WHAT IS REQUIRED ▸
Would you transcribe the whole listing exactly, minus its pictures?

EXTRACTED DATA ▸

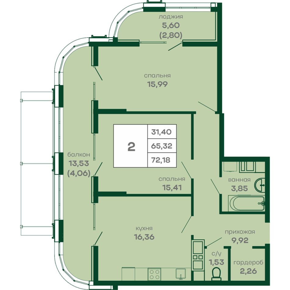 Общая площадь72,18 м²
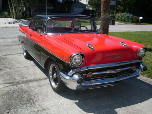 UP FOR AUCTION IS MY 1957 CHEVY. IT IS A REAL BELAIR ( VIN CODE STARTS WITH VC) ENGINE IS A REBUILT 350 CU IN, 30 OVER WITH FLAT TOP PISTONS AND A MILD CAM. TRANS IS A 4 SPEED HURST. OPTIONS INCLUDE FRONT POWER DISC BRAKES, CLOSE RATIO POWER STEERING. AM.FM STERIO. FRAME OFF RESTORATION 3 YEARS AGO WITH NEW BODY MOUNTS. FLOORS, TRUNK, ROCKERS ARE SOLID FRAME IS PAINTED BLACK. CAR IS ALL METAL, NO RUST. CUSTOM TRI COLOR PAINT. COMPLETE NEW INTERIOR INCLUDING SEATS,DOOR PANALS AND HEADLINER. NEW FRONT END. DRIVES STRAIGHT AND HANDLES LIKE A MODERN CAR. AMERICAN RACING POWER COATED 17 IN WHEELS, TIRES ARE LIKE NEW. BUMPERS ARE RECHROMED. TRIM IS IN VERY GOOD CONDITION BUT COULD USE NEW TRIM AROUND REAR SIDE WINDOWS.THIS IS A TURN KEY CAR THAT RUNS GREAT. YOU ARE WELCOME TO COME SEE THE CAR OR HAVE IT INSPECTED BEFORE AUCTION ENDS. CAR IS FOR SALE LOCALLY AS IS (ASKING 27500 ) RESERVE IS SET MUCH LOWER TO SELL. ONLY SELLING DUE TO HEALTH AS I AM 64 YEARS OLD AND HAVE TROUBLE DRIVING A STANDARD SHIFT. IF YOU HAVE ANY QUESTIONS OR NEED MORE INFO PLEASE CALL BEFORE AUCTION ENDS. JOE 631-831-5215 |
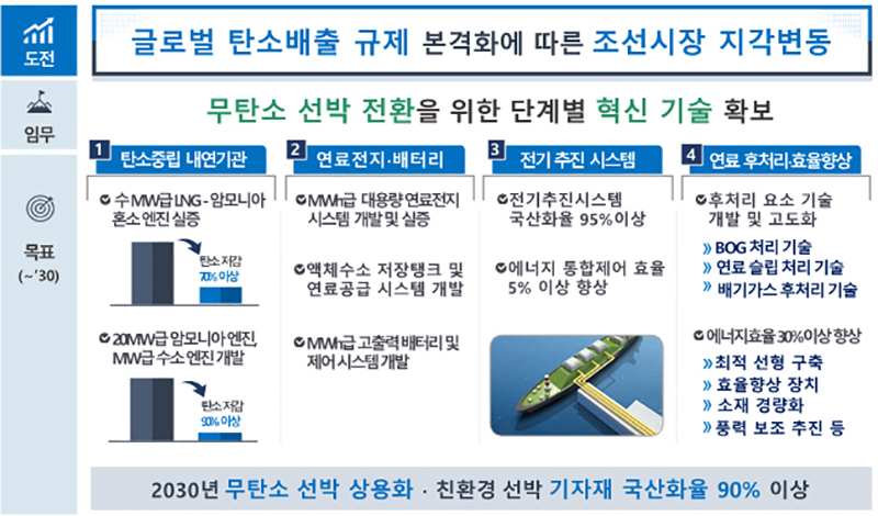 특히 2030년까지 무탄소 선박을 상용화하고 친환경 선박 기자재 국산화율 90% 이상을 달성하는 것을 목표로 하는 기술 개발 전략을 수립했다.
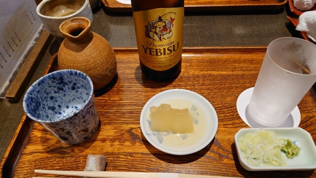 蕎麦を注文してその前に色々美味しそうな季節のつまみメニューが有るのでこれらをビール(エビスビール)と共に頂くことにしました。
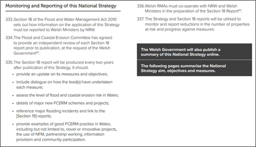 Figure 1: Extract from the Welsh Government National Flood and Coastal Erosion Risk Management Strategy detailing how the strategy should be monitored.
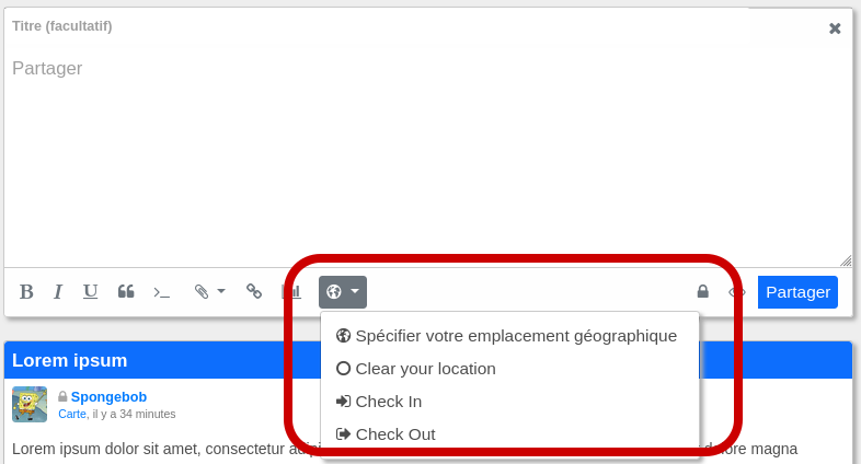 Les services de localisation disposent de plusieurs boutons dans l'éditeur de messages. Ceux-ci sont figurent sur la capture d'écran suivante:
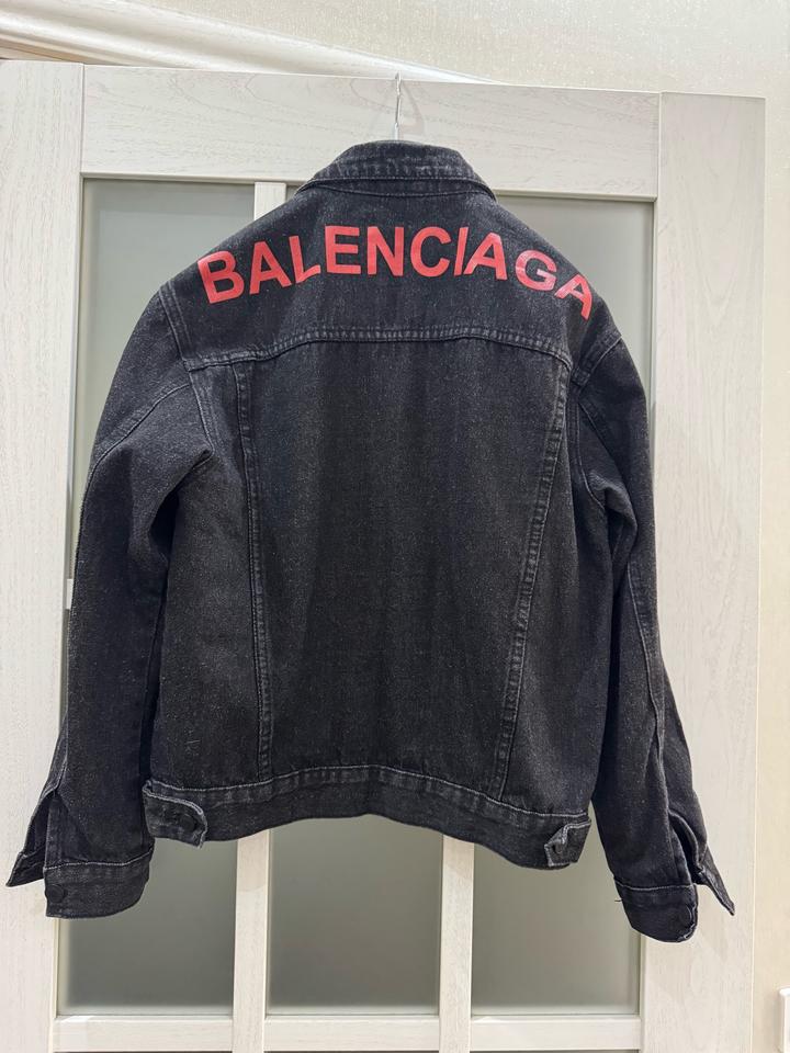 Джинсовая куртка Balenciaga с красным логотипом на спинеS/M
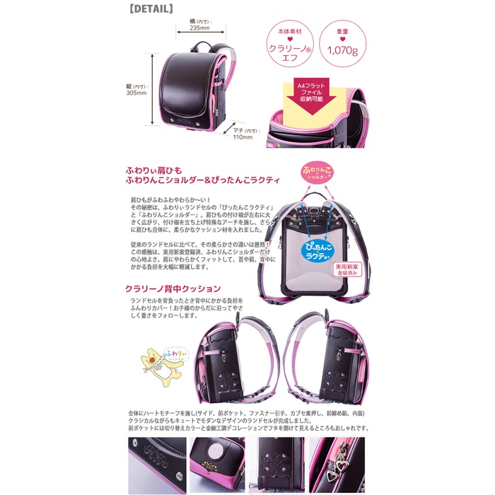 원본상품명: ランドセル 女の子型落ちふわりぃ2016年 ふわりぃ コンパクト クラシック ワイド ランドセル ?量1,070g 03-06300 特典付ランドセルカバ?D202P05Nov16

YOUR SOLUTION ▸
 Общая площадь72,18 м²
 UP FOR AUCTION IS MY 1957 CHEVY. IT IS A REAL BELAIR ( VIN CODE STARTS WITH VC) ENGINE IS A REBUILT 350 CU IN, 30 OVER WITH FLAT TOP PISTONS AND A MILD CAM. TRANS IS A 4 SPEED HURST. OPTIONS INCLUDE FRONT POWER DISC BRAKES, CLOSE RATIO POWER STEERING. AM.FM STERIO. FRAME OFF RESTORATION 3 YEARS AGO WITH NEW BODY MOUNTS. FLOORS, TRUNK, ROCKERS ARE SOLID FRAME IS PAINTED BLACK. CAR IS ALL METAL, NO RUST. CUSTOM TRI COLOR PAINT. COMPLETE NEW INTERIOR INCLUDING SEATS,DOOR PANALS AND HEADLINER. NEW FRONT END. DRIVES STRAIGHT AND HANDLES LIKE A MODERN CAR. AMERICAN RACING POWER COATED 17 IN WHEELS, TIRES ARE LIKE NEW. BUMPERS ARE RECHROMED. TRIM IS IN VERY GOOD CONDITION BUT COULD USE NEW TRIM AROUND REAR SIDE WINDOWS.THIS IS A TURN KEY CAR THAT RUNS GREAT. YOU ARE WELCOME TO COME SEE THE CAR OR HAVE IT INSPECTED BEFORE AUCTION ENDS. CAR IS FOR SALE LOCALLY AS IS (ASKING 27500 ) RESERVE IS SET MUCH LOWER TO SELL. ONLY SELLING DUE TO HEALTH AS I AM 64 YEARS OLD AND HAVE TROUBLE DRIVING A STANDARD SHIFT. IF YOU HAVE ANY QUESTIONS OR NEED MORE INFO PLEASE CALL BEFORE AUCTION ENDS. JOE 631-831-5215 |
 특히 2030년까지 무탄소 선박을 상용화하고 친환경 선박 기자재 국산화율 90% 이상을 달성하는 것을 목표로 하는 기술 개발 전략을 수립했다.
 蕎麦を注文してその前に色々美味しそうな季節のつまみメニューが有るのでこれらをビール(エビスビール)と共に頂くことにしました。
 Figure 1: Extract from the Welsh Government National Flood and Coastal Erosion Risk Management Strategy detailing how the strategy should be monitored.
 Les services de localisation disposent de plusieurs boutons dans l'éditeur de messages. Ceux-ci sont figurent sur la capture d'écran suivante:
 Джинсовая куртка Balenciaga с красным логотипом на спинеS/M
 원본상품명: ランドセル 女の子型落ちふわりぃ2016年 ふわりぃ コンパクト クラシック ワイド ランドセル ?量1,070g 03-06300 特典付ランドセルカバ?D202P05Nov16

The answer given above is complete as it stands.